Zoompf was kind enough to post the source data, so I went back with a statistical chainsaw. My analysis saw similar results, but found details that seem important in teasing out deeper knowledge. They invited me to elaborate, so here goes …
The statistical rubber room
I regressed search rank against possible factors from Zoompf’s data, pulling out the predictors that weren’t statistically significant. Let’s boil down the results, ranked by importance:
- Time To First Byte (TTFB) is positively correlated to Search Engine Rank Position (SERP) – faster correlates to better rank. TTFB is a pretty raw measure of server horsepower and distribution. TTFB’s importance is surprising because it’s typically only 20% of the entire load time.
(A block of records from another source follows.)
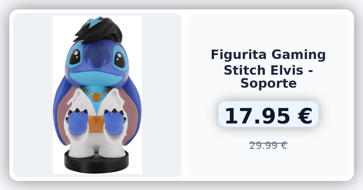 Convierte tu área de gaming en un escenario de diversión y estilo con este soporte Cable Guys de Stitch inspirado en Elvis. Compatible con mandos de consola, smartphones y más, este producto oficial de Disney añadirá un toque único y colorido a tu espacio mientras mantienes tus dispositivos cargados y organizados. Un imprescindible para los fans de Lilo & Stitch y del universo gaming en general. 🇪🇸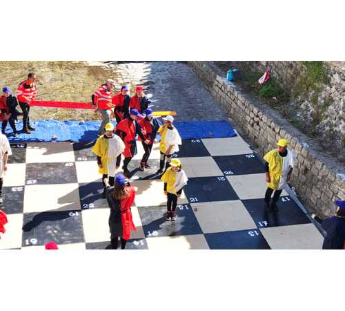 VARZO- 24-04-2017- Organizzata dal gruppo teatrale Varzese, ha fatto da cornice agli avvenimenti che hanno preceduto il Palio degli Asini di Varzo una originalissima dama umana. Le persone si muovevano sulla scacchiera come le pedine e chi veniva "mangiato" veniva portato fuori dal gioco da due volontari dell' ambulanza di Varzo. Per la cronaca la partita giocata da Franco Chiodini e Fabrizio Bianchi è finita in parità. Il gruppo teatrale è molto attivo durante tutto l'anno ed è ormai famoso per le sue rappresentazioni umane, su tutte il Presepe Vivente Meccanico, che nel periodo natalizio anima il centro del paese e che negli ultimi anni ha avuto un grande successo in altri centri dell' Ossola.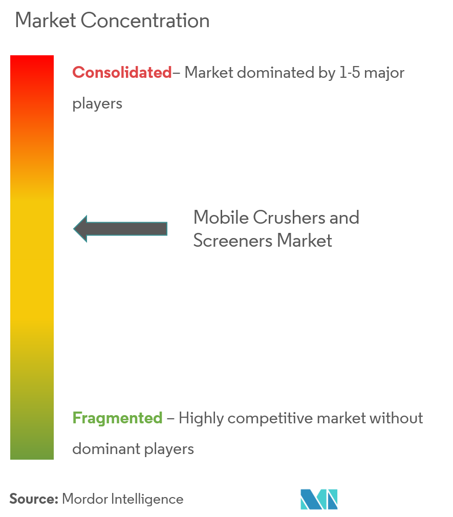 Der Markt für mobile Brecher und Siebanlagen weist eine Fragmentierung auf und beherbergt wichtige Akteure wie Terex Corporation, Metso Corporation, CDE Global, Komatsu Mining Corporation und McCloskey International Ltd. Diese Akteure setzen Strategien wie Partnerschaften und Übernahmen um, um ihre Produktportfolios zu bereichern und eine nachhaltige Zukunft zu sichern Wettbewerbsvorteil.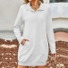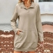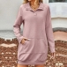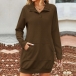 Casual Button Stand Collar Long Sleeve Kangaroo Pocket Sweatshirt Dress

- SERP decreases with faster Full Render Time (FRT). Really? FRT is how long the whole page takes to appear. Wow, this means slower pages rank better.
- Nothing else rises above the noise. Other variables have p-values above 0.05 (good chance we’re seeing randomness).
Stats Xanax. Stat.
Faster pages don’t deserve worse SERP. No way. So what’s actually happening? Consider the possibilities:
- Google messed up. Not buying it. They’re too smart for an obvious goof. Next.
The strange number for FRT is because of correlation between First Byte and Render Time. More plausible. Multiple regressions get difficult to interpret when explanatory variable correlate with each other.
However, a single variable regression shows the same relationship. This confirms the strange data and makes us even suspect First Byte reliability (which points in the right direction). Next.
- Hidden relationships affect both speed and rank. Some people suggested this in the Zoompf comments. Bingo.
- Popular sites like Amazon are more likely to get good ranking. They can also afford the best servers and TTFB.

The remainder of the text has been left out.